Collected data entries
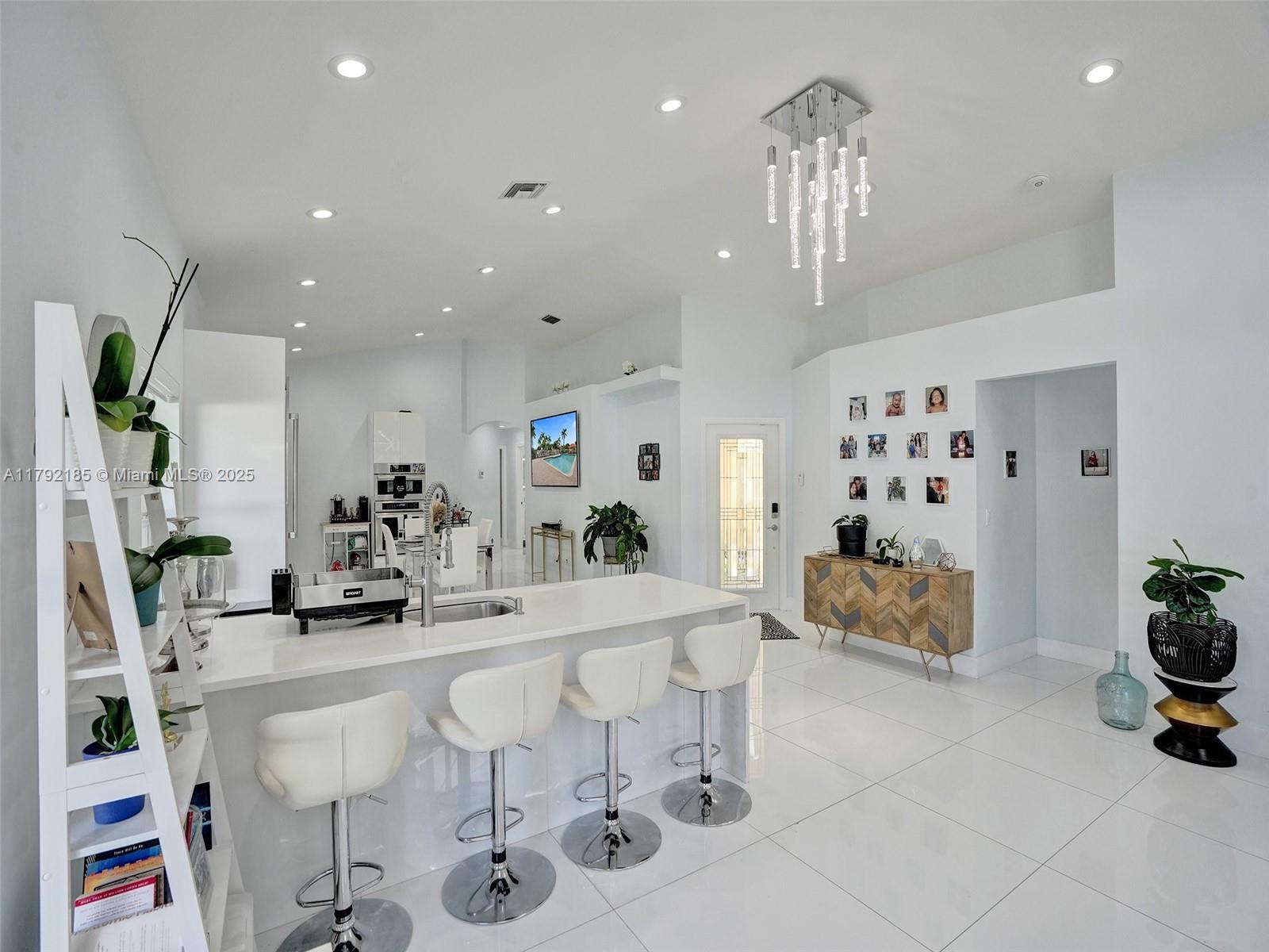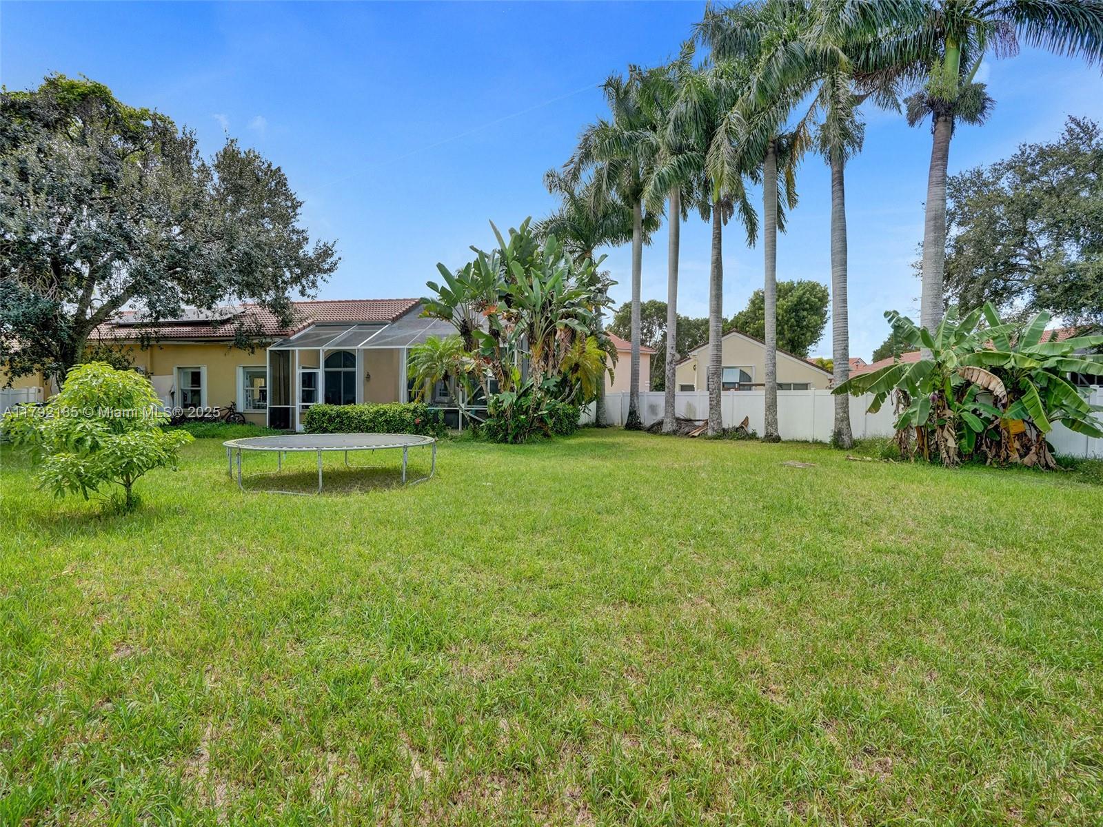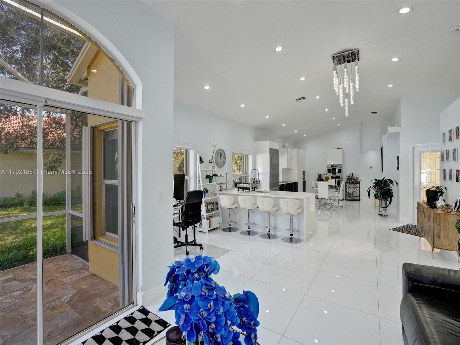 Modern home in the beautiful community of Kensington Green. Set on the 2nd largest lot in the community, boasting 10,541 sqft! Featuring 3 bed, 2 bath, and 1,627 sqft of living space. Highlights include a new roof with solar panels, porcelain floors, & a spacious open-concept layout. The updated kitchen features quartz countertops and a stunning cooking island. Enjoy a screened patio, fenced backyard with room for a pool, mango and plantain trees, and exterior lighting. The garage has been converted into an AC'd entertainment space and can easily be reverted. Ideally located minutes from major stores, gas stations, Sawgrass Expressway, and the Turnpike, and situated in one of Coral Springs' top-rated school zones. Priced to sell—this home is a must-see!
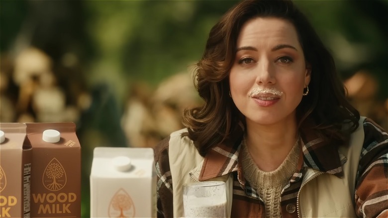 You know oat milk and hemp milk — now, meet Wood Milk. If you haven't heard of it before, "Wood Milk" has been the subject of an ad campaign starring celebrity actress Aubrey Plaza, first airing on April 20. It has an official Instagram account, and you can even order a witty graphic tee shirt on the Wood Milk website for $20. You cannot, however, purchase any actual milk. Why? Because Wood Milk doesn't exist. It's a spoof product created by the National Fluid Milk Processor Promotion Program, aka MilkPEP. In the ads, Plaza's fictional company "Wood Milk" is peddling milk made out of trees. According to the Physicians Committee for Responsible Medicine (PCRM), it's a jab at plant milk brands, going so far as using the milk-mustache symbol of the "Got Milk?" ads of the late-90s to early-2000s.
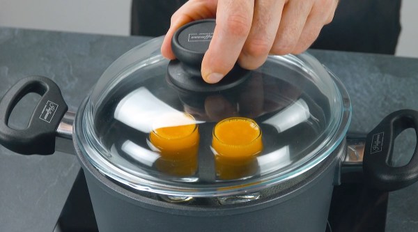 - Séparez les œufs pour l'œuf en bâton. Mélangez les jaunes et versez-les dans de petits pots graissés. Faites cuire le jaune d'œuf à couvert pendant 30-40 minutes au bain-marie jusqu'à ce qu'il durcisse. L'eau ne doit pas bouillir, la température optimale est de 80 °C.
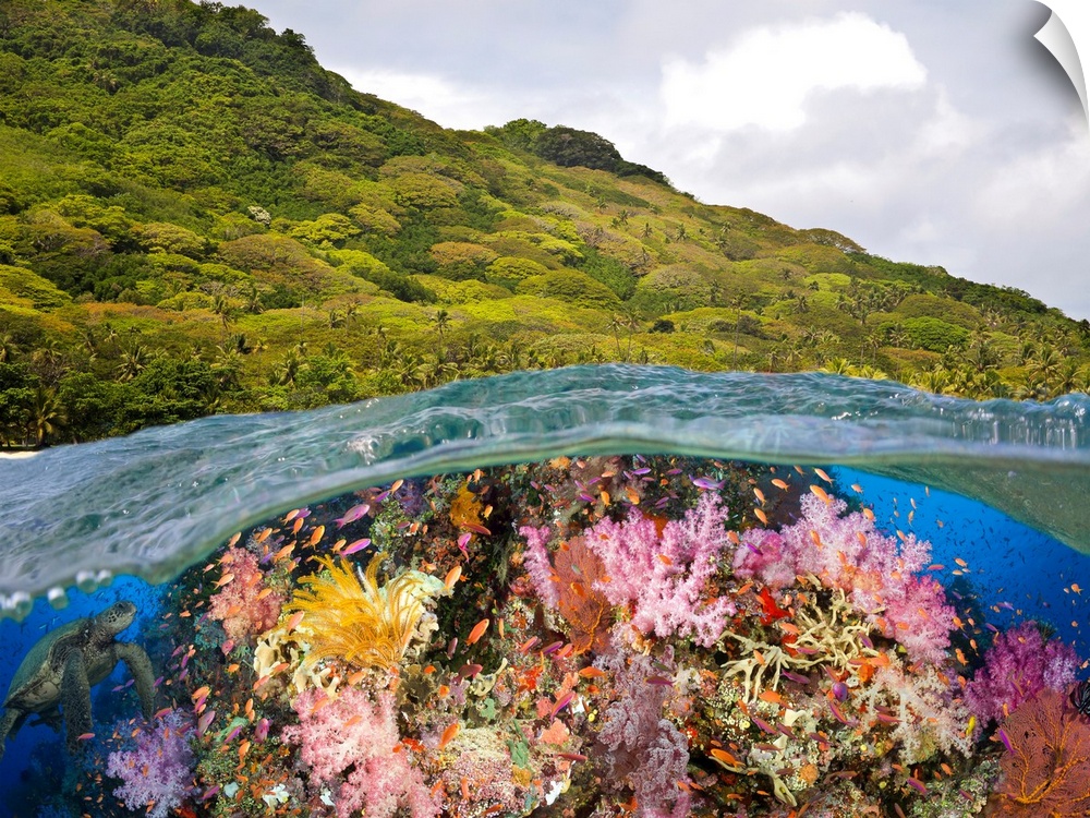 <p>A half above, half below look at a Fijian reef with alconarian and gorgonian coral and a green sea turtle (Chelonia mydas), Fiji.</p>
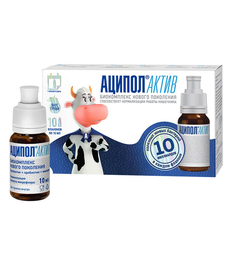 Суспензия «Аципол® Актив» рекомендуется в качестве биологически активной добавки к пище – дополнительного источника пробиотических микроорганизмов (лактобактерий и бифидобактерий), цинка, инулина.
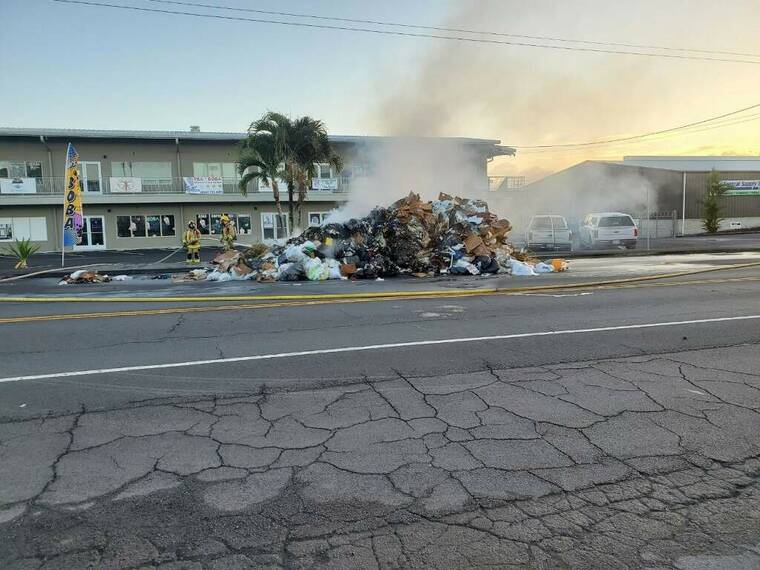 At 5:47 a.m. today, the contents in the trash compartment of a commercial rubbish truck caught on fire. The vehicle driver expelled the contents of the truck load on the shoulder of Kawili Street.
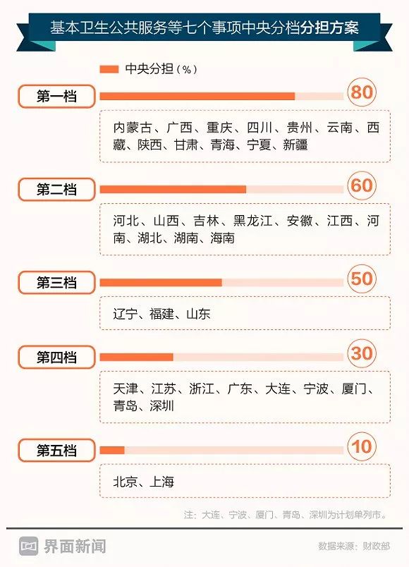 此次方案率先公布了基本公共服务领域7个事项支出责任的具体分档方法。包含中等职业教育国家助学金、中等职业教育免学费补助、普通高中教育国家助学金、普通高中教育免学杂费补助、城乡居民基本医疗保险补助、基本公共卫生服务、计划生育扶助保障等。
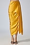 Ochre Yellow Silk Satin Draped Tie-Up Skirt
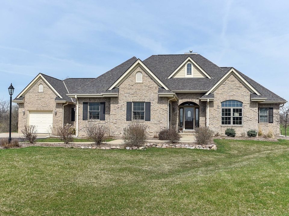 Spacious ranch, right between Chicago & Milwaukee is ready for new owners! Vaulted archways & ceilings! Huge KIT w/granite counters & cherry cabs. GR, DR & KIT have great views of private 1.2 AC lot. MBA: 2 sinks, jetted tub & heated tile floor. LL: exquisite, secure wine cellar, TV area, full BA, extra BR. Lovely landscaped yard w/irrigation system abuts conservancy. Stunning 2015 stone patio, seating wall & fire pit, the perfect place to enjoy amazing sunsets. New septic system installed October 2018! Hiking trails, fishing ponds & acres of green space. With easy access to I-94, this executive ranch is not to be missed!

» Task prompt
Leave the pictures out and write out every entry exactly as given.

» Finished task
 Modern home in the beautiful community of Kensington Green. Set on the 2nd largest lot in the community, boasting 10,541 sqft! Featuring 3 bed, 2 bath, and 1,627 sqft of living space. Highlights include a new roof with solar panels, porcelain floors, & a spacious open-concept layout. The updated kitchen features quartz countertops and a stunning cooking island. Enjoy a screened patio, fenced backyard with room for a pool, mango and plantain trees, and exterior lighting. The garage has been converted into an AC'd entertainment space and can easily be reverted. Ideally located minutes from major stores, gas stations, Sawgrass Expressway, and the Turnpike, and situated in one of Coral Springs' top-rated school zones. Priced to sell—this home is a must-see!
 You know oat milk and hemp milk — now, meet Wood Milk. If you haven't heard of it before, "Wood Milk" has been the subject of an ad campaign starring celebrity actress Aubrey Plaza, first airing on April 20. It has an official Instagram account, and you can even order a witty graphic tee shirt on the Wood Milk website for $20. You cannot, however, purchase any actual milk. Why? Because Wood Milk doesn't exist. It's a spoof product created by the National Fluid Milk Processor Promotion Program, aka MilkPEP. In the ads, Plaza's fictional company "Wood Milk" is peddling milk made out of trees. According to the Physicians Committee for Responsible Medicine (PCRM), it's a jab at plant milk brands, going so far as using the milk-mustache symbol of the "Got Milk?" ads of the late-90s to early-2000s.
 - Séparez les œufs pour l'œuf en bâton. Mélangez les jaunes et versez-les dans de petits pots graissés. Faites cuire le jaune d'œuf à couvert pendant 30-40 minutes au bain-marie jusqu'à ce qu'il durcisse. L'eau ne doit pas bouillir, la température optimale est de 80 °C.
 <p>A half above, half below look at a Fijian reef with alconarian and gorgonian coral and a green sea turtle (Chelonia mydas), Fiji.</p>
 Суспензия «Аципол® Актив» рекомендуется в качестве биологически активной добавки к пище – дополнительного источника пробиотических микроорганизмов (лактобактерий и бифидобактерий), цинка, инулина.
 At 5:47 a.m. today, the contents in the trash compartment of a commercial rubbish truck caught on fire. The vehicle driver expelled the contents of the truck load on the shoulder of Kawili Street.
 此次方案率先公布了基本公共服务领域7个事项支出责任的具体分档方法。包含中等职业教育国家助学金、中等职业教育免学费补助、普通高中教育国家助学金、普通高中教育免学杂费补助、城乡居民基本医疗保险补助、基本公共卫生服务、计划生育扶助保障等。
 Ochre Yellow Silk Satin Draped Tie-Up Skirt
 Spacious ranch, right between Chicago & Milwaukee is ready for new owners! Vaulted archways & ceilings! Huge KIT w/granite counters & cherry cabs. GR, DR & KIT have great views of private 1.2 AC lot. MBA: 2 sinks, jetted tub & heated tile floor. LL: exquisite, secure wine cellar, TV area, full BA, extra BR. Lovely landscaped yard w/irrigation system abuts conservancy. Stunning 2015 stone patio, seating wall & fire pit, the perfect place to enjoy amazing sunsets. New septic system installed October 2018! Hiking trails, fishing ponds & acres of green space. With easy access to I-94, this executive ranch is not to be missed!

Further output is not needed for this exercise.